Observational Design (College Board AP® Psychology): Revision Note
Structured & unstructured observations
Structured observation
A structured observation is used when the researcher wants to observe specific, predetermined behaviors in a large sample or busy environment where many different behaviors are likely to occur
Rather than recording everything that happens, the researcher focuses only on a limited set of clearly defined behaviors of interest
The emphasis in structured observation is on gathering quantitative data, e.g.
The number of times a child displays aggressive behavior toward a peer during a 30-minute recess period
The frequency with which drivers stop at a crosswalk when a pedestrian is waiting
The number of times a student raises their hand to answer a question during a one-hour class
Evaluation of structured observations
Strengths
Quantitative data can be easily analyzed, presented graphically, and converted to statistics
This is a strength as it allows trends and frequencies of behavior to be identified across large samples
This increases the reliability of the results
Using predetermined behavioral categories keeps the researcher focused
They can disregard behaviors that fall outside the categories ensuring that what is being recorded is directly relevant to the research aim
Limitations
Quantitative data reveals what behavior occurred but not why
This means that structured observations lack explanatory power as they produce findings that are limited in depth and insight
Predetermined categories mean the researcher cannot record behaviors that fall outside them, even if those behaviors are interesting and relevant
This limits the usefulness and validity of structured observations
Unstructured observation
An unstructured observation is used when the researcher wants to observe the full range of behaviors occurring in a small sample or more intimate setting where interpersonal interaction is the focus
The researcher does not use predetermined behavioral categories — instead they record everything that occurs during the observation session
The emphasis in unstructured observation is on gathering qualitative data, e.g.
verbal and non-verbal communication between participants
the quality and tone of conversation (e.g. light-hearted, serious, aggressive)
how participants use and move within the environment
Examples of research scenarios suited to unstructured observation:
Observing how young children interact when playing with gender-stereotyped toys
Observing how couples communicate when discussing a source of conflict
Evaluation of unstructured observations
Strengths
Unstructured observations produce rich, detailed, in-depth qualitative data that captures the complexity of behavior
This is high in ecological validity as it reflects the genuine, unfiltered experience of the participants
The flexible, open-ended nature of unstructured observation allows the researcher to follow unexpected or particularly significant behaviors as they emerge
This can generate new insights and research questions
Limitations
The highly subjective nature of unstructured observations increases the risk that the researcher loses objectivity
They may become too close to the participants, succumb to confirmation bias, or unconsciously overlook behaviors that do not align with their expectations
This reduces the reliability of the findings
Analyzing the data from unstructured observations is time-consuming and depends heavily on the researcher's interpretation
This introduces subjectivity into the findings and reduces the validity of the published conclusions
Examiner Tips and Tricks
Structured observation is not the same as a controlled observation.

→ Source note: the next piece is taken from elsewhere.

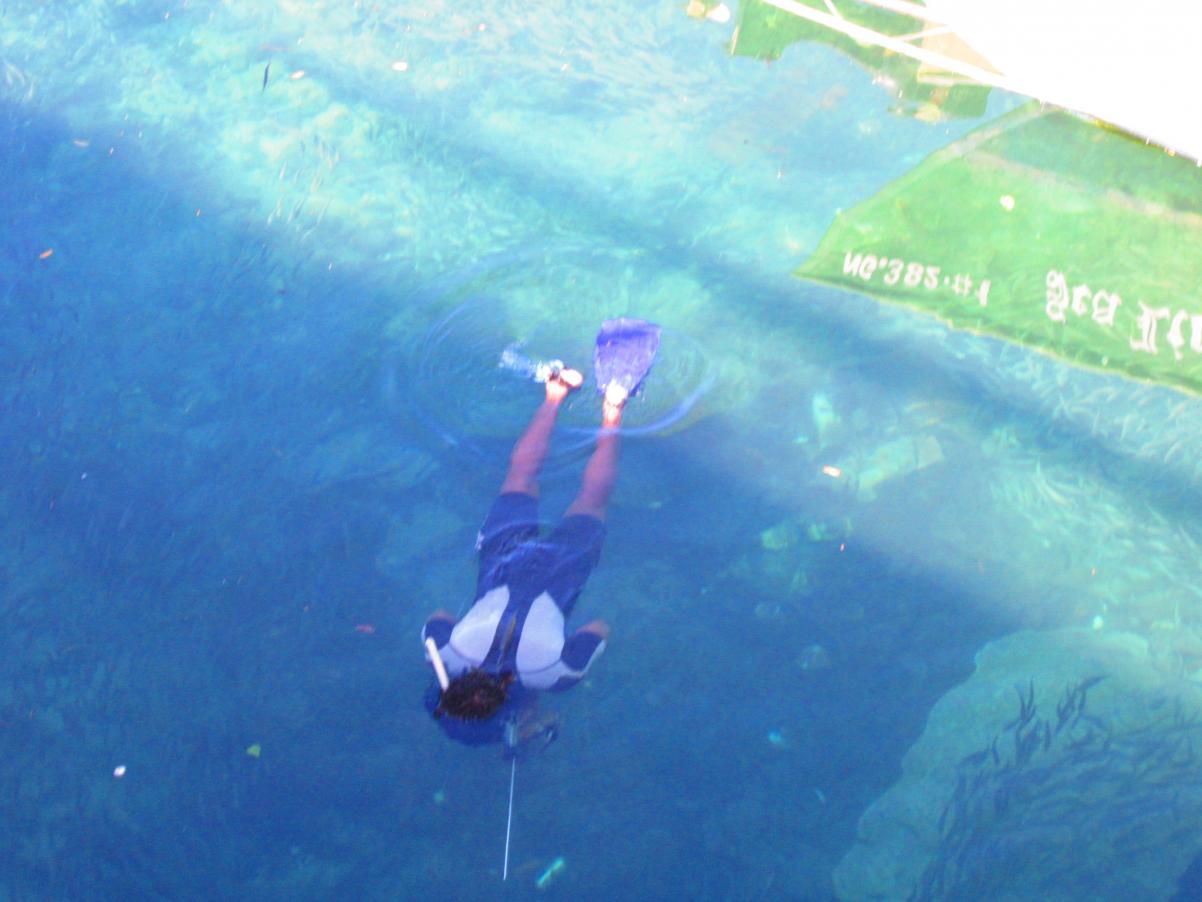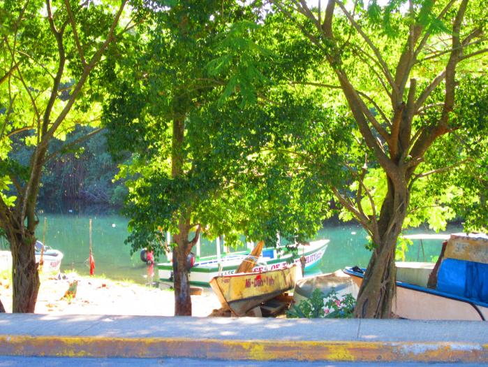 After I was finished I walked over the bridge to get a taxi back. I got some shots of the Negril River. I did wonder what a guy with a spear gun could find in the water around the boats although you can see some tiny fish around him.

Structured refers to the use of predetermined behavioral categories to record data, whereas controlled refers to the level of control the researcher exerts over the setting and procedure.
Behavioral categories & inter-rater reliability
Behavioral categories
Behavioral categories are used in structured observations to define and record the specific behaviors the researcher is interested in
Behavioral categories must:
only include directly observable behaviors — nothing that requires inference or interpretation
be clearly operationally defined so that there is no ambiguity about what counts as an instance of that behavior
be mutually exclusive — each behavior should fit into only one category
Examples of well-operationalized behavioral categories in a study on aggression include:
"Physical aggression" = punching, kicking, or shoving another person
"Verbal aggression" = shouting, name-calling, or threatening another person
"Non-aggressive behavior" = smiling, sharing, or cooperating with another person
Behavioral categories can be further subdivided for greater precision, e.g.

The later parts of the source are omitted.